Battles continued to rage Sunday between the radical cleric's Mahdi Army and Iraqi and US forces.
Shiite cleric Moqtada al-Sadr, the Iraqi religious leader whose Mahdi Army has been locked in a deadly battle with Iraqi forces, aided by the US military, in Baghdad, Basra, and other southern cities, called for a cooling-off period in a statement issued Sunday.
While the announcement was welcomed by the Iraqi government as helping its effort to "impose security" in Basra, the southern oil city, it appeared to conflict with other comments by Mr. Sadr, who told Al Jazeera Saturday that the US would be "defeated just the way they were defeated in Vietnam" and that his militiamen were on the path of "liberation."
It was too early to tell whether the statement, read in the holy city of Najaf, would end fighting in the south or in the capital.
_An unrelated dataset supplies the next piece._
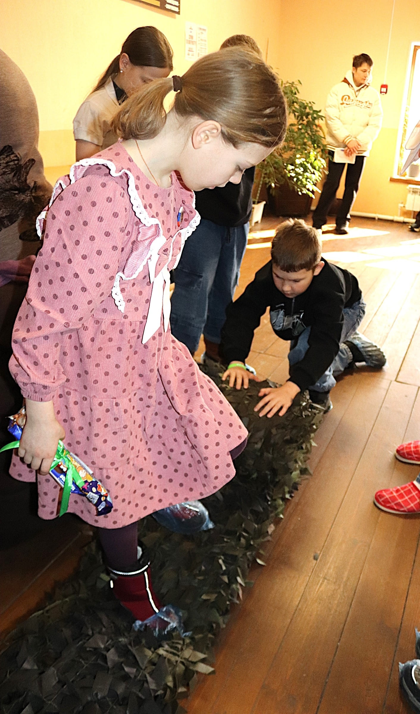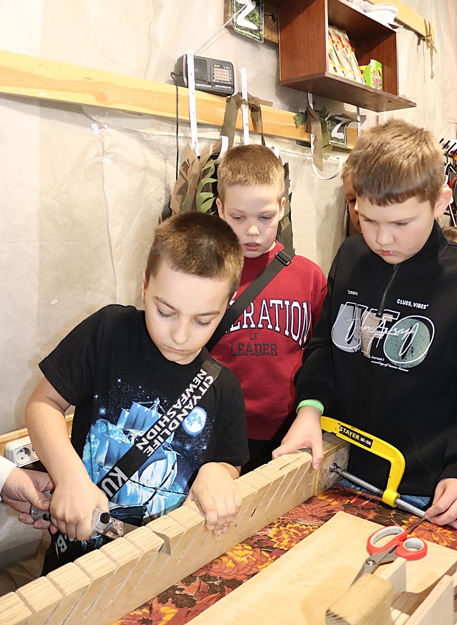 Завершилось занятие обучением натягиванию сети-основы на станину — задачей, с которой юные помощники справились слаженно. Урок вызвал у детей желание продолжать участвовать в добровольческой помощи.

But contrary to initial reports, the US and Iraqi government campaign against the Mahdi Army, say officials and analysts, is a carefully coordinated effort by the US and Sadr's Shiite rivals to deal a decisive blow to the outspoken cleric.
It's the latest episode in a strategy that has been under way for some time now to draw out the militia's hard-core elements, thus dividing it into "good" and "bad," according to the deputy chief of staff of Iraq's armed forces, a secular Shiite who has strong ties to US military commanders, including Gen. David Petraeus.